The equity interests of the VIE are legally held by the nominee equity holders of the VIE on behalf of the Company. The Company cannot assure that when conflicts of interest arise, either of the nominee equity holders will act in the best interests of the Company or such conflicts will be resolved in the Company’s favor. Currently, the Company does not have any arrangements to address potential conflicts of interest between the nominee equity holders and the Company, except that the Company could exercise the purchase option under the Exclusive Option Agreement with the nominee equity holders to request them to transfer all of their equity ownership in the VIE to a PRC entity or individual designated by the Company, to the extent permitted by the PRC laws. The equity holders of the VIE have executed power of attorney to appoint WFOE to vote on their behalf and exercise voting rights as equity holders of the VIE. If the Company cannot resolve any conflict of interest or dispute between the Company and the nominee equity holders of the VIE, the Company would have to rely on legal proceedings, which could result in disruption of the Company’s business and subject the Company to substantial uncertainty as to the outcome of any such legal proceedings.

 

The Company’s involvement with the VIE under the VIE Agreements affected the Company’s consolidated financial position, results of operations, and cash flows as indicated below.

 

 

The following consolidated assets and liabilities information of the Group’s VIE as of December 31, 2024 and 2025, and consolidated revenues, net income (loss) and cash flow information for the years ended December 31, 2023, 2024 and 2025 have been included in the accompanying consolidated financial statements.
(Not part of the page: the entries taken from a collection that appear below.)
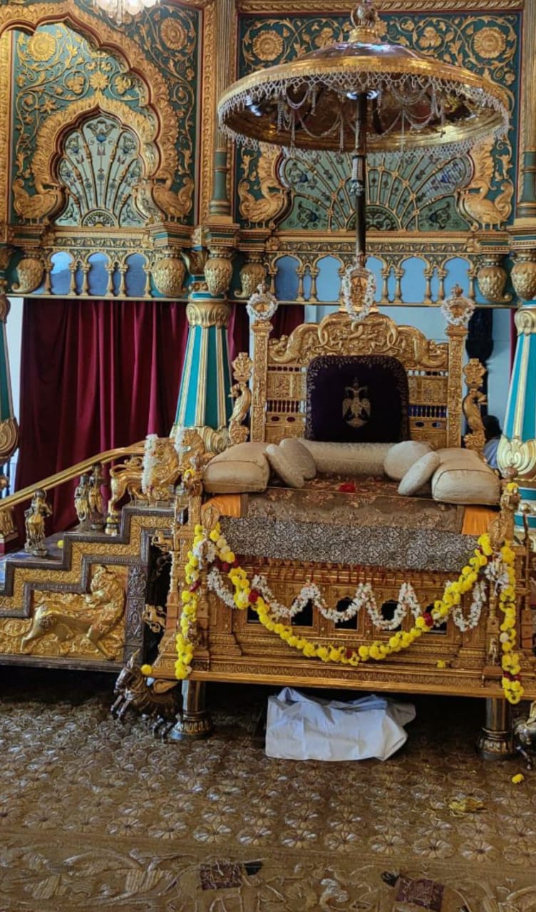 Mysuru: The Golden Throne of Wadiyars the erstwhile rulers of Mysuru was assmebled at Durbar Hall of Mysuru Palace on...
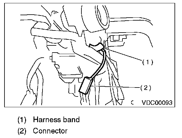 7) Unlock the harness band and disconnect the connector of the steering angle sensor.
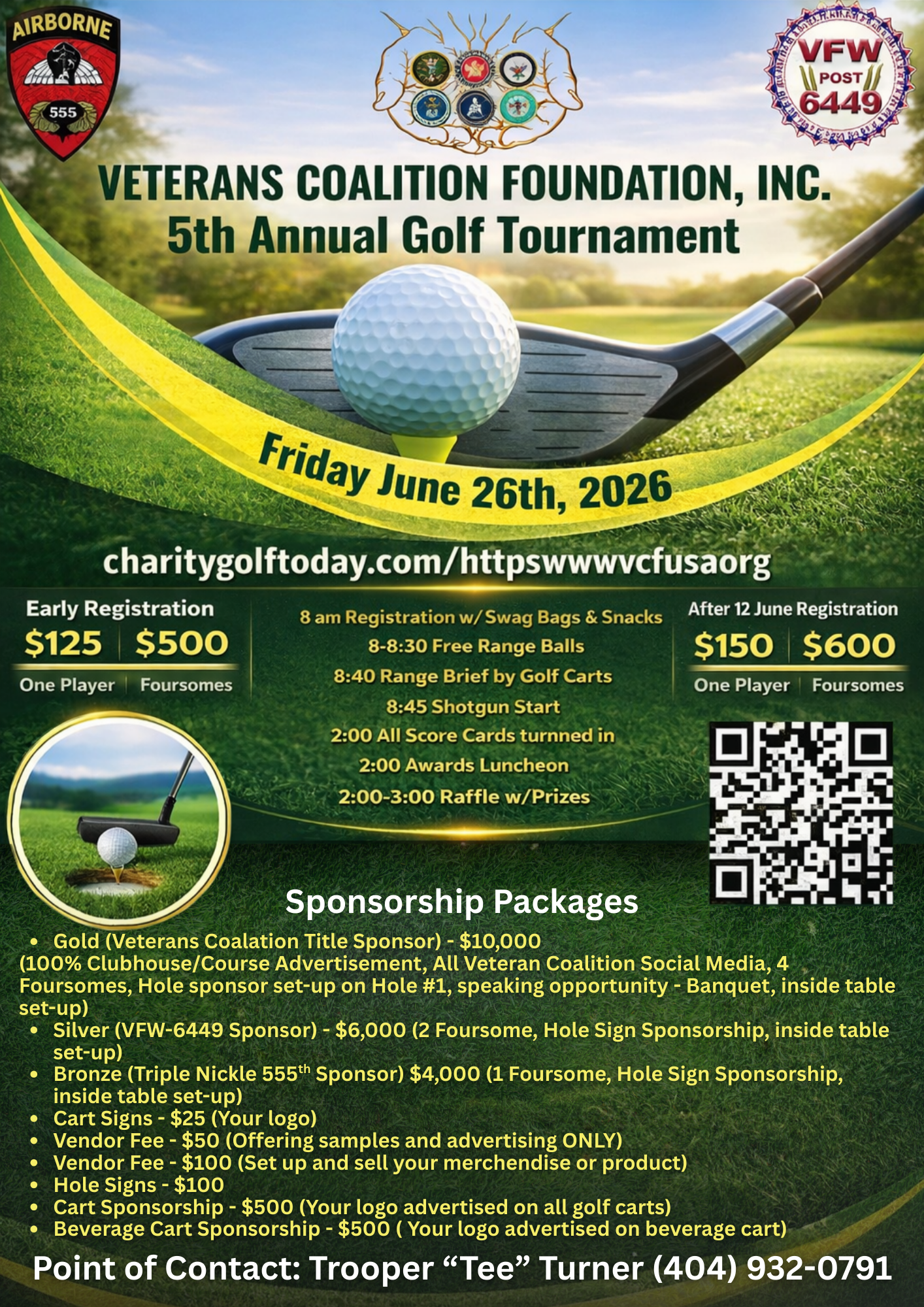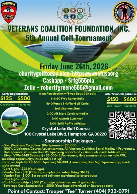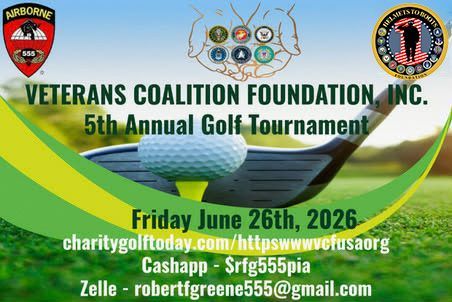 Support the Veterans Coalition Foundation INC. while gaining valuable exposure at our 5th Annual Golf Tournament. We offer a variety of sponsorship and vendor packages designed to highlight your business or organization throughout the event—from on-course signage and cart branding to social media recognition and speaking opportunities at the banquet. Your participation directly supports our mission to serve and honor our veterans while connecting you with a strong, engaged community.
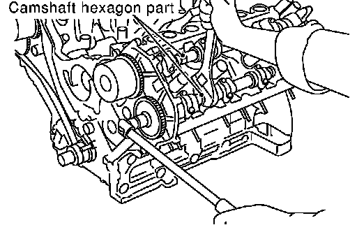 15. With hexagonal part of camshaft locked with wrench, loosen bolts securing camshaft sprocket to remove camshaft sprocket.
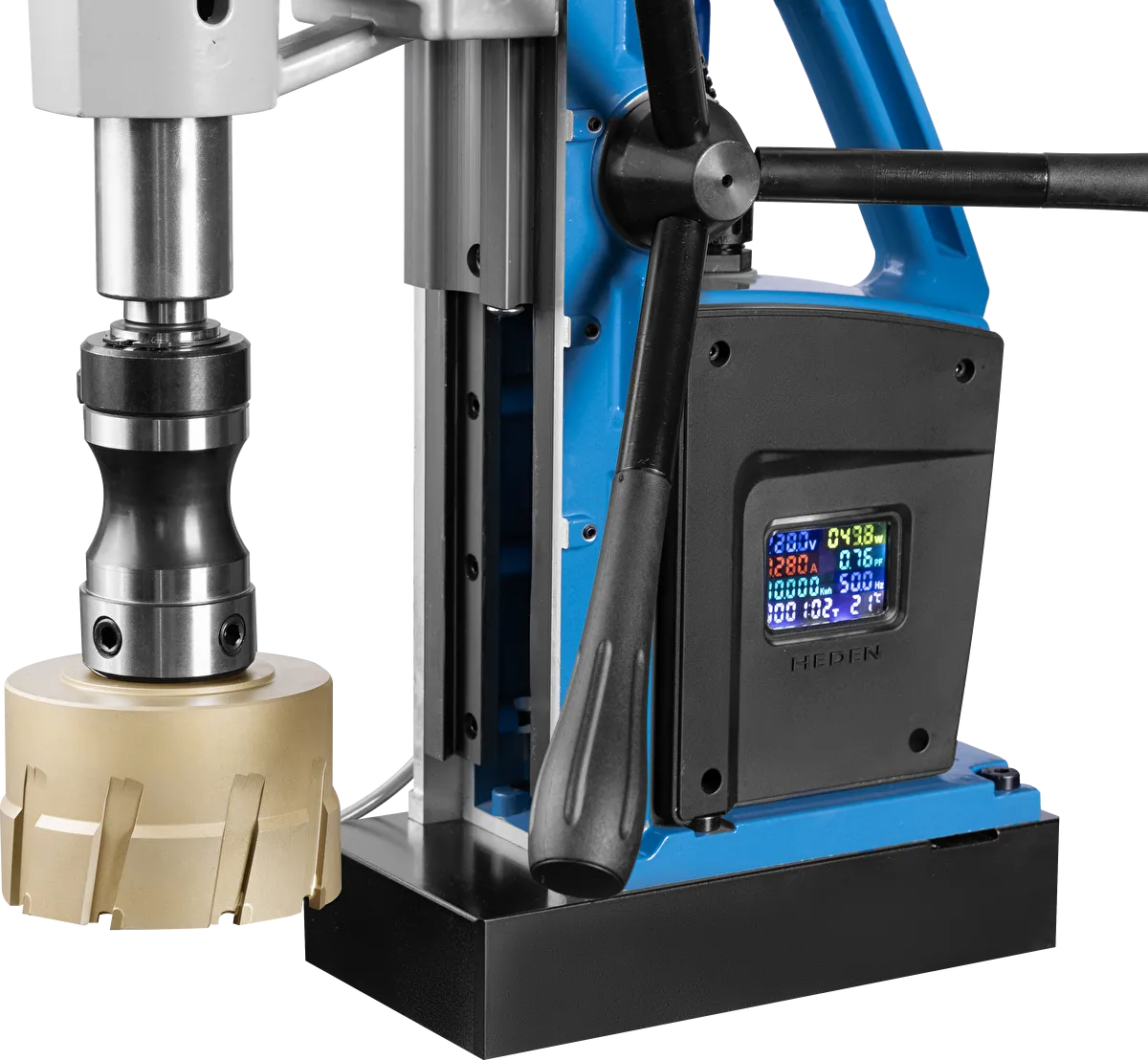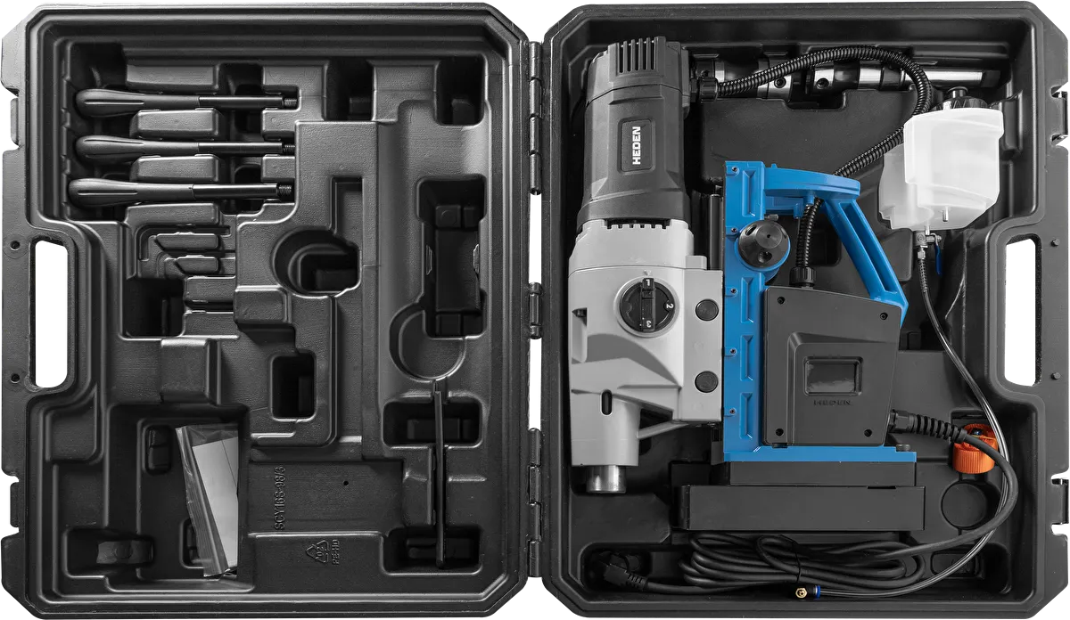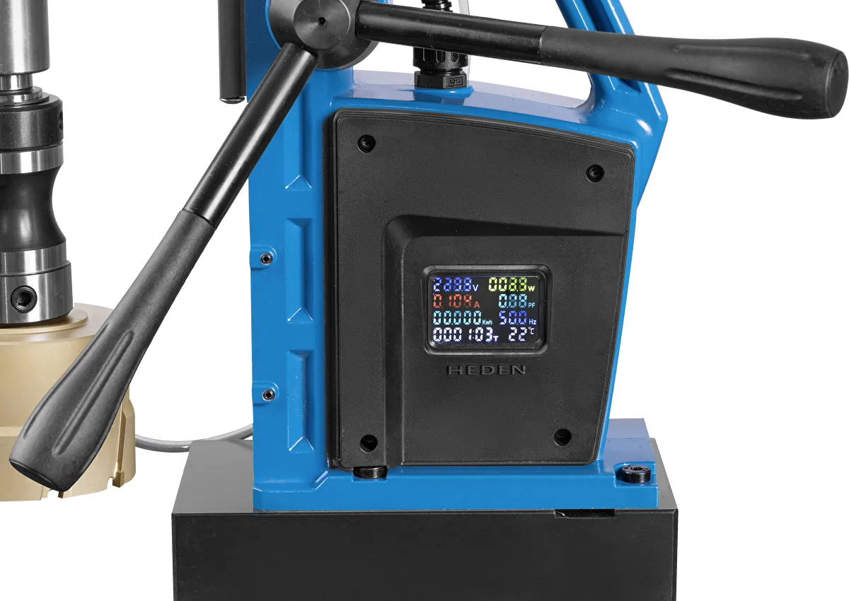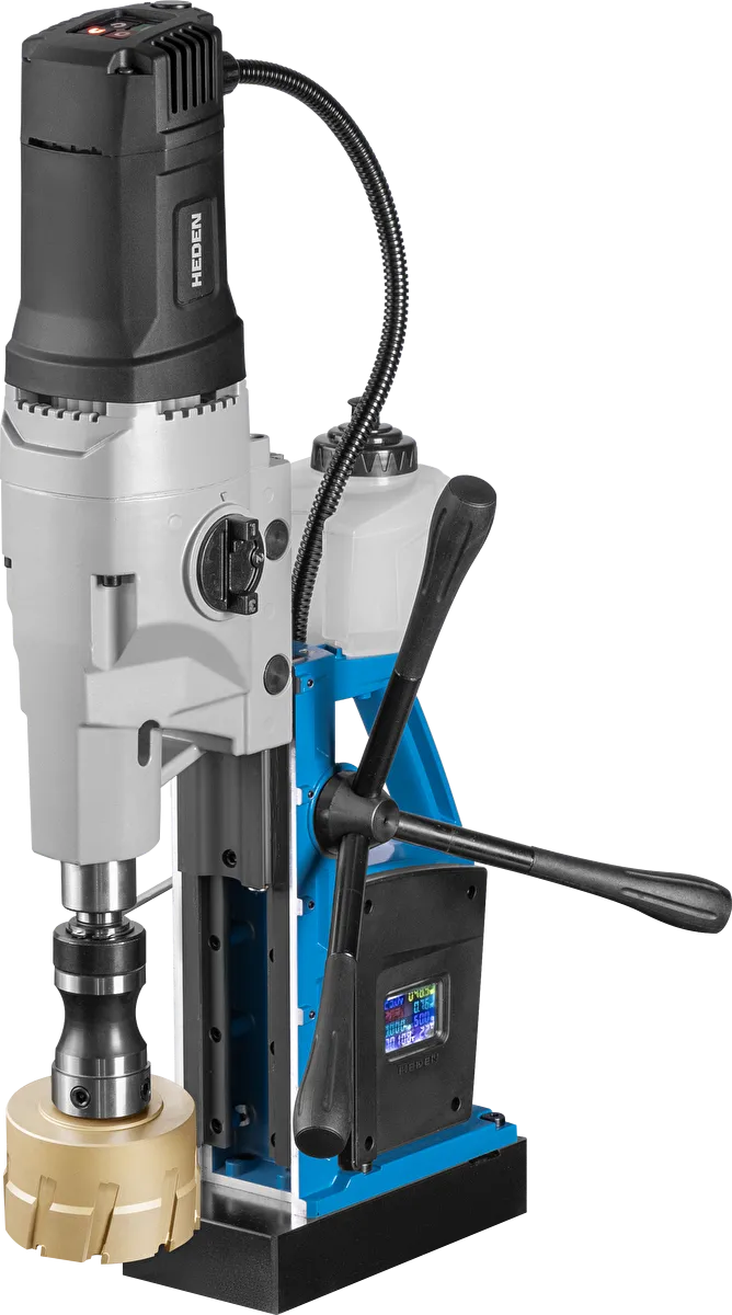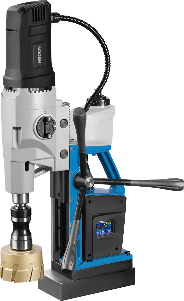 Выполняет сверление корончатыми сверлами до Ø100 мм и спиральными сверлами до Ø30 мм. Надежно фиксируется на горизонтальных стальных поверхностях благодаря мощной магнитной основе.

All intercompany transactions and balances among the Company, its wholly-owned subsidiaries, the VIE and the VIE’s wholly-owned subsidiaries have been eliminated upon consolidation.

 

       
   As of December 31, 
   2024   2025 
   RMB   RMB 
ASSETS        
Current assets          
Cash and cash equivalents   47,309    48,058 
Restricted cash       24 
Short-term investments       81,233 
Accounts receivable   16,893    36,726 
Prepayments and other current assets   45,893    35,897 
Amounts due from inter-companies   160,413    181,880 
Total current assets   270,508    383,818 
Non-current assets          
Long-term investments   51,090     
Property and equipment, net   2,814    1,357 
Operating lease right-of-use assets   44,164    24,982 
Other non-current assets   4,600    3,062 
Total non-current assets   102,668    29,401 
Total assets   373,176    413,219 
LIABILITIES          
Current liabilities          
Accounts payable   108,553    160,865 
Deferred revenue   56,768    60,541 
Amounts due to inter-companies   457,895    465,171 
Operating lease liabilities, current   12,770    9,728 
Accrued expenses and other current liabilities   30,035    24,053 
Total current liabilities   666,021    720,358 
Non-current liabilities          
Operating lease liabilities, non-current   29,395    12,879 
Total non-current liabilities   29,395    12,879 
Total liabilities   695,416    733,237 

 

          
   Year Ended December 31, 
   2023   2024   2025 
   RMB   RMB   RMB 
Total revenues   1,097,261    1,033,333    961,102 
Net income (loss)   101,738    38,093    (2,644)
Net cash used in operating activities   (79,526)   (54,081)   (44,071)
Net cash provided by (used in) investing activities   (68,853)   59,755    

(41,820

)
Net cash provided by (used in) financing activities   101,641    (72,672)   86,664 
Net increase (decrease) in cash, cash equivalents and restricted cash   (46,738)   (66,998)   773 
Cash and cash equivalents at the beginning of the year   161,045    114,307    47,309 
Cash, cash equivalents and restricted cash at the end of the year   114,307    47,309    48,082 

 

In accordance with VIE Agreements, WFOE has the power to direct the activities of the VIE and VIE’s subsidiaries. Therefore, the Company considers that there are no assets in the VIE that can only be used to settle obligations of the VIE, except for paid in capital of RMB1 million as of December 31, 2024 and 2025. The creditors of the VIE do not have recourse to the general credit of WFOE.